Let $E = \mathbb{Z} \times \mathbb{Z}$. Over $E$ is defined the relation $R$ such as
$$(a,b)R(c,d) \iff a^2 + 7b^2 = c^2 +7d^2$$
Prove that $R$ is of equivalence.
Reflexive
Have some $(a,b) \in E$.
$$(a,b)R(a,b)$$
$$a^2 + 7b^2 = a^2 +7b^2$$
$$7 = 7$$
Symmetric
Have some $(a,b),(c,d) \in E$.
$$(a,b)R(c,d)$$
$$a^2 + 7b^2 = c^2 +7d^2$$
$$c^2 +7d^2 = a^2 + 7b^2$$
$$(c,d)R(a,b)$$
Transitive
Have some $(a,b),(c,d),(e,f) \in E$.
$$(a,b)R(c,d) \land (c,d)R(e,f)$$
$$(a^2 + 7b^2 = c^2 +7d^2) \land (c^2 + 7d^2 = e^2 +7f^2)$$
$$(a^2 + 7b^2 + c^2 + 7d^2) = ( c^2 +7d^2 + e^2 +7f^2)$$
$$(a^2 + 7b^2) = (e^2 +7f^2)$$
$$(a,b)R(e,f)$$
Determine the equivalence classes for $(0,0)$ and $(1,1)$.
Uh, as far as I'm concerned, for $(0,0)$ I need to find pairs $(x,y)$ where $x^2 +7y^2 = 0$. Well, $(0,0)$ is the only one in my mind (which is already obvious since the relation is reflexive right?).

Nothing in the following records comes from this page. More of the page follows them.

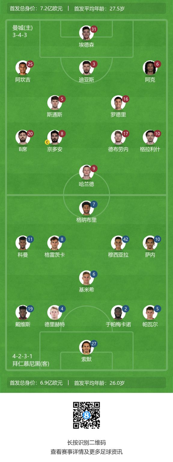 玩球网4月12日讯凌晨3点,欧冠1/4决赛首回合,曼城主场迎战拜仁慕尼黑,赛前首发名单公布。曼城首发:31-埃德森、3-鲁本-迪亚斯、25-阿坎吉、6-阿克、5-斯通斯、16-罗德里、8-京多安、17
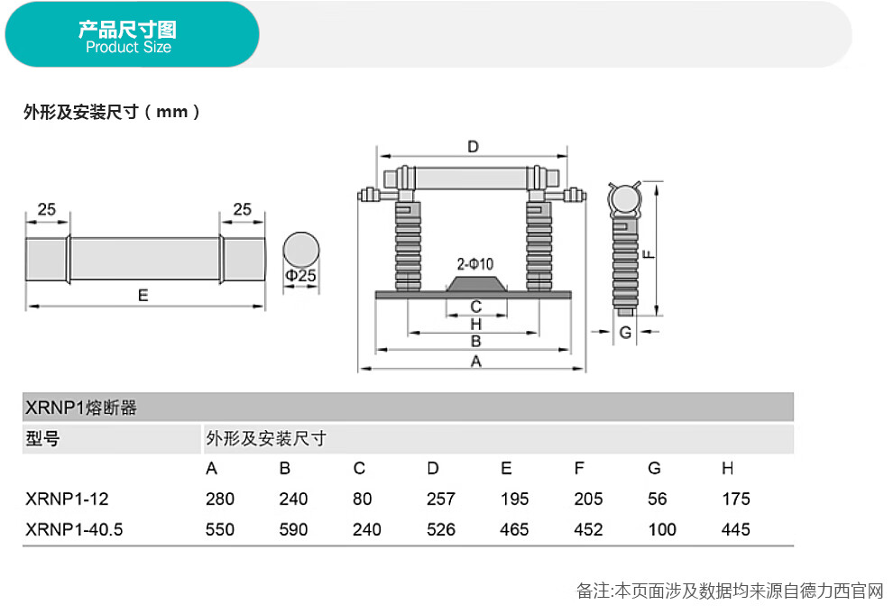 德力西电气 XRNP1系列高压限流熔断器 XRNP140P5TP5 40.5kV 0.5A φ25*465 1只
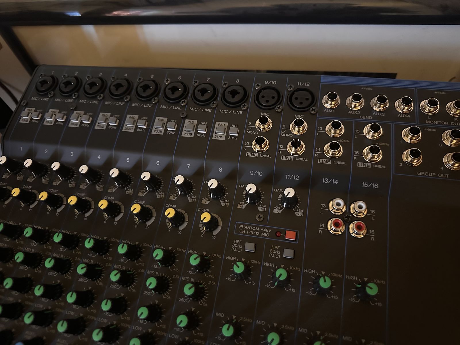 Features: 12 Mic/Line Inputs with optional Phantom Power 2 pairs of Stereo Line inputs Super Clean D-Pre Preamps 4x4 Aux Sends and Group Outs Built in per-channel Compression

Similar logic goes for $(1,1)$.
This is pretty fishy. Is this correct?
$$[(0,0)] = \{(0,0)\}$$
$$[(1,1)] = \{(1,1)\}$$
Even if it was correct, I fear I don't have a good strategy for this kind of question. I literally just try to think up some random pairs that might work. And that's it. Do you have any advice regarding this?
Suppose that $(c, d) R (0, 0)$. Then by definition of $R$, we have
$$c^2 + 7d^2 = 0^2 + 7 \cdot 0^2 = 0$$
This implies that $c = d = 0$, since the only way you can add two non-negative numbers and get $0$ is if they were both $0$. So $[(0, 0)] \subseteq \{(0, 0)\}$, and the reverse inclusion is obvious.

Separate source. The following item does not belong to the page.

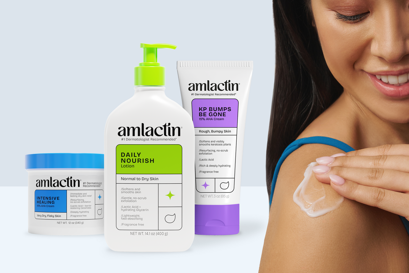 Skin Therapy means it’s more than you’re used to. The Lactic Acid in Amlactin exfoliates while it hydrates, with no scrub. It gently buffs away flaky, bumpy, dry patches so your skin gets deep nourishment that lasts.
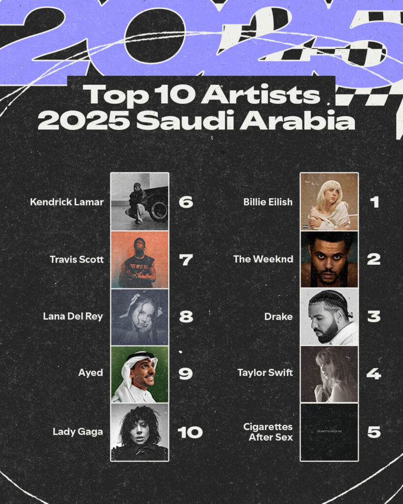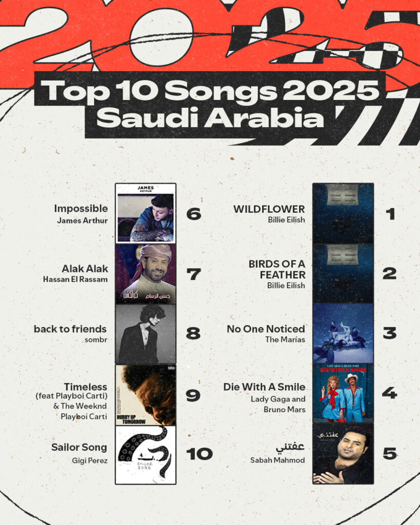 Billie leads Saudi Arabia’s overall artist chart, her sound striking a balance between softness, mood, and emotional intensity.

Now suppose that $(c, d) R (1, 1)$. Then by definition, we have
$$c^2 + 7d^2 = 1^2 + 7 \cdot 1^2 = 8$$
It's easiest here to start by analyzing some cases:
If $d > 1$ or $d < -1$, can this ever be possible? Consider how big $7d^2$ would have to be in this case.
If $d = \pm 1$, then we've got $c^2 + 7 = 8 \implies c^2 = 1$.
If $d = 0$, we have $c^2 = 8$.